Donnerstag, 14. Mai 2026

Ökumenischer Gottesdienst zu Christi Himmelfahrt im Naturfreundehaus Elmstein

Feier musste wegen Wildschweinschäden und Regen zweimal umgeplant werden

Der ökumenische Gottesdienst zu Christi Himmelfahrt findet traditionell unter freiem Himmel auf dem Spielplatz im Iptestal statt. In diesem Jahr musste jedoch umgeplant werden: Der Platz ist wegen Wildschweinschäden derzeit gesperrt. Als Ausweichort war zunächst der Außenbereich  des Naturfreundehauses Elmstein vorgesehen. Wegen des regnerischen Wetters wurde die Feier schließlich in den großen Bewirtungsraum im Untergeschoss verlegt.

Trotz der veränderten Rahmenbedingungen kamen zahlreiche Besucherinnen und Besucher zusammen, um den Himmelfahrtsgottesdienst gemeinsam zu feiern. Die Begrüßung übernahm Pfarrerin Sarah Schulze.
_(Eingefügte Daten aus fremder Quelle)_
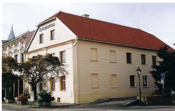
Zdj. 2. Oddział Literatury Polskiej Biblioteki Regionalnej w Karwinie.

W tym czasie w tym dziale znajdowało się ponad 20 tys. pozycji i kilkadziesiąt różnych czasopism[6]. Zbiory tworzyła przede wszystkim literatura dziecięca, młodzieżowa, popularno-naukowa, fachowa i naukowa, specjalne miejsce zajmował dział językoznawczy, literatury i historii polskiej. Regionalna Biblioteka w Karwinie ze swoim Oddziałem Literatury Polskiej pełni do dnia dzisiejszego funkcję centralnej biblioteki publicznej Zaolzia.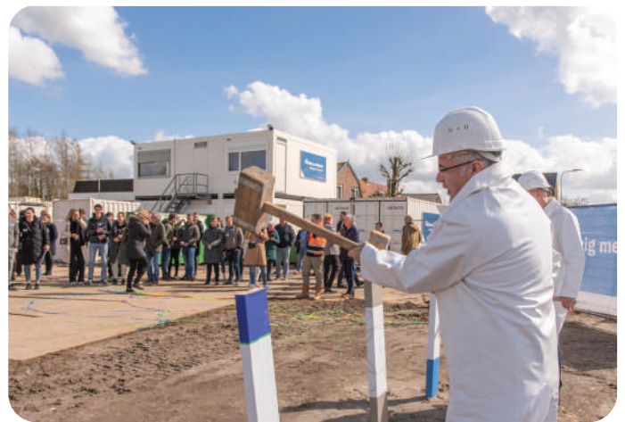
START BOUW WEIDSE WEELEDE

Gestaltet wurde der Gottesdienst außerdem von Pfarrer Frank Wiehler, Gemeindediakon Matthias Vorstoffel und Gemeindereferent Michael Kolar.

Der Gottesdienst stand im Zeichen ökumenischer Verbundenheit: Menschen unterschiedlicher Konfessionen kamen zusammen, um miteinander zu beten, zu singen und Christi Himmelfahrt gemeinsam zu begehen.

Die Schriftlesung hielt Gemeindediakon Matthias Vorstoffel. Im Mittelpunkt stand der Abschnitt aus der Apostelgeschichte, Kapitel 1, Verse 4 bis 11. Darin wird berichtet, wie Jesus seinen Jüngern den Heiligen Geist verheißt und sie beauftragt, seine Zeugen „bis an das Ende der Erde“ zu sein. Zugleich erzählt der Text von der Himmelfahrt Jesu: Vor den Augen der Jünger wird er emporgehoben, eine Wolke nimmt ihn auf, und zwei Männer in weißen Gewändern richten den Blick der Zurückbleibenden wieder auf ihren Auftrag in der Welt.

Den Predigtteil gestalteten Pfarrer Frank Wiehler und Gemeindereferent Michael Kolar gemeinsam. Inspiriert war er von Reinhard Meys bekanntem Lied „Über den Wolken“. Doch der Blick blieb nicht nur oben. Entscheidend war die Frage: Wie geht es eigentlich „unter den Wolken“ weiter? Christi Himmelfahrt wurde dabei nicht als Abschied ins Ungewisse verstanden, sondern als Ermutigung für das Leben hier und jetzt. Wer nach oben schaut, soll nicht stehen bleiben, sondern gestärkt weitergehen – mit Hoffnung, Vertrauen und dem Auftrag, Gottes Liebe im Alltag sichtbar werden zu lassen.

Für die musikalische Begleitung sorgten der Protestantische Posaunenchor Appenthal „Soli Deo Gloria“ unter der Leitung von Christa Rottmayer sowie „Junges Blech Appenthal“ unter der Leitung von Thomas Rottmayer. Mit ihren Beiträgen gaben die Musikerinnen und Musiker dem Gottesdienst einen festlichen und zugleich vertrauten Rahmen.

Im Anschluss an den Gottesdienst bestand Gelegenheit zum gemütlichen Beisammensein im Naturfreundehaus Elmstein. So wurde aus der ursprünglich als Freiluftfeier geplanten Veranstaltung trotz Regen und Ortswechsel ein gelungener Himmelfahrtstag in guter Gemeinschaft.